А по всей земле шла кровопролитная война[12]. Началась она, когда меня еще и на свете-то не было. Говорили, причина в том, что у нас в Чехии после смерти короля стала править королева. Имя ее было Мария-Терезия. Заволновались другие государи: не могут они, мол, стерпеть, чтобы баба носила корону и на троне сидела, — это лишь мужчинам пристало. Объединили они войска и пошли на нее. Пришлось ей защищать свои владения: ведь Чехию норовили забрать баварцы, а Силезию — пруссаки. Война много лет тянулась — едва утихнет, тотчас опять разгорится. Сколько людей пострадало: кто пал в бою, а кто всего имущества лишился!
А какие козни строили наши высокие господа! Ведь сговор с чужеземными государями — это их рук дело. Говорили, что даже сам архиепископ пражский был с ними заодно и подбивал всех, чтобы свергли ее с престола. Будто бы не кто другой, как он, и пригласил баварца в Прагу и короновал его там всем честным людям на удивление. Тут и знать наша поспешила принести присягу новому королю, подарив ему не одну тысячу золотых дукатов.
Мы всё еще не решались верить слухам, а между тем многое походило на правду, стоило лишь на писарей поглядеть. Было ясно, что истины от них не добьешься; никто не стал их ни о чем спрашивать — решили сами обо всем разузнать и во всем убедиться.
Надумали наши послать в Прагу своего человека, чтобы он там расспросил обо всем: кто же у нас теперь король, и кому мы должны подчиняться. Да никто идти не хотел. Стариков страшили тяготы долгого пути, а молодые боялись, как бы их не схватили и не надели на них солдатский мундир: тогда на всех дорогах за рекрутами охотились.
Наконец взялся идти могильщик; был он уже в летах, но слыл за человека мужественного и бесстрашного, как и полагается людям его ремесла. Все рады были, что идет на разведку именно он; были уверены, если он вернется с новостями, то одну чистую правду обо всем расскажет — лгать он был не охотник.
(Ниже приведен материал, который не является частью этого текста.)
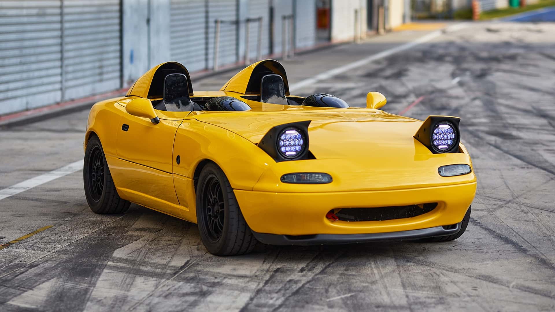 Le châssis est renforcé conférant un style à seuil haut et des demi-portières. La suspension est équipée d'amortisseurs réglables, les freins sont remplacés par des unités plus performantes et les jantes de 15'' proviennent de chez Enkei.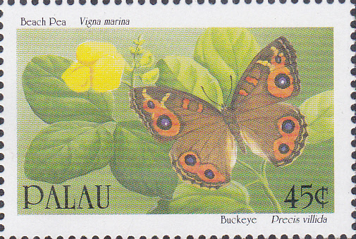Diese Marke der Palau-Inseln (MiNr 367) zeigt einen Junonia villida. Bei Michel wird ein Synonym als Name verwandt: Precis villida, auf der Marke heißt er Buckeye (Precis villida).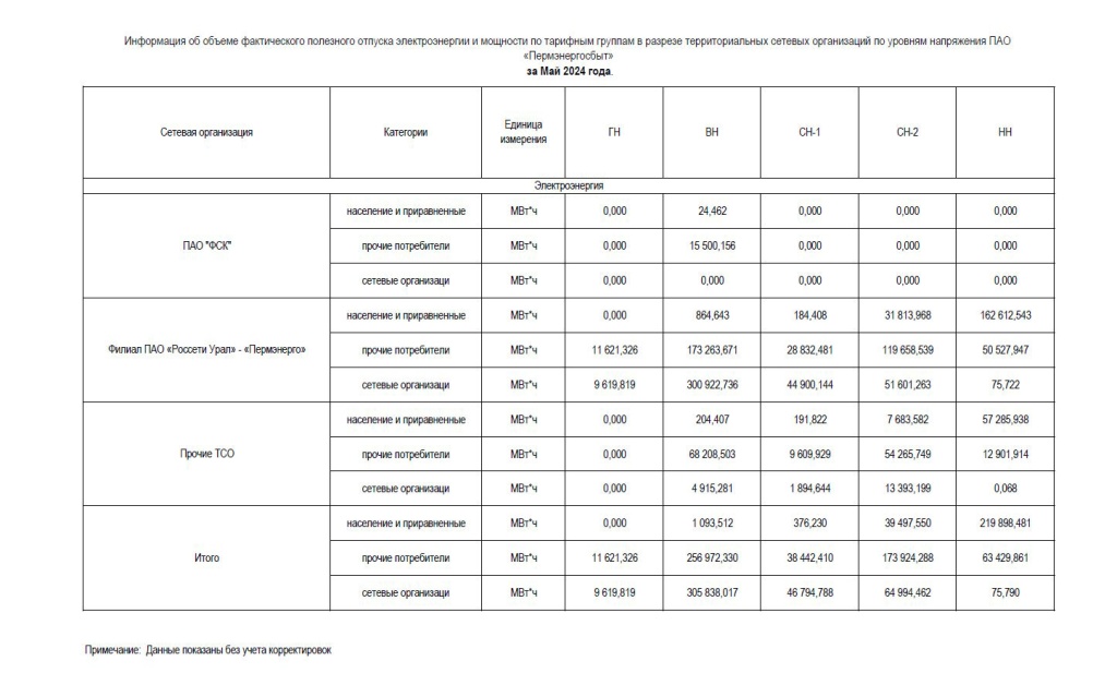 ПЭСК: информация об объеме полезного отпуска по ТСО за май 2024 года

Но когда могильщик воротился из Праги, крестьяне знали обо всем не больше прежнего, а до сути дела так и не добрались. Посол их совсем забыл про возложенное на него поручение — столько занятных вещей увидел. Одно он твердо помнил: нигде не встречал никаких чужих солдат, Прага при нем не горела, и не видел он ни короля-иностранца, ни самой королевы.
А ведь сбили с толку доброго человека часы, сработанные, как объяснили ему, тем самым слепым юношей, который так хорошо пророчествовал, что все до последнего слова сбывалось. Могильщик наш простоял перед этими часами на Староместской площади целый день, и даже пообедать забыл, но так и не уразумел, что стрелки показывают. В конце концов он решил, что скорее всего, часы эти предназначены для судного дня. Не меньше времени провел он и на том знаменитом мосту, с которого сбросили в реку святого Яна Непомуцкого, а также у его серебряной раки на Градчанах.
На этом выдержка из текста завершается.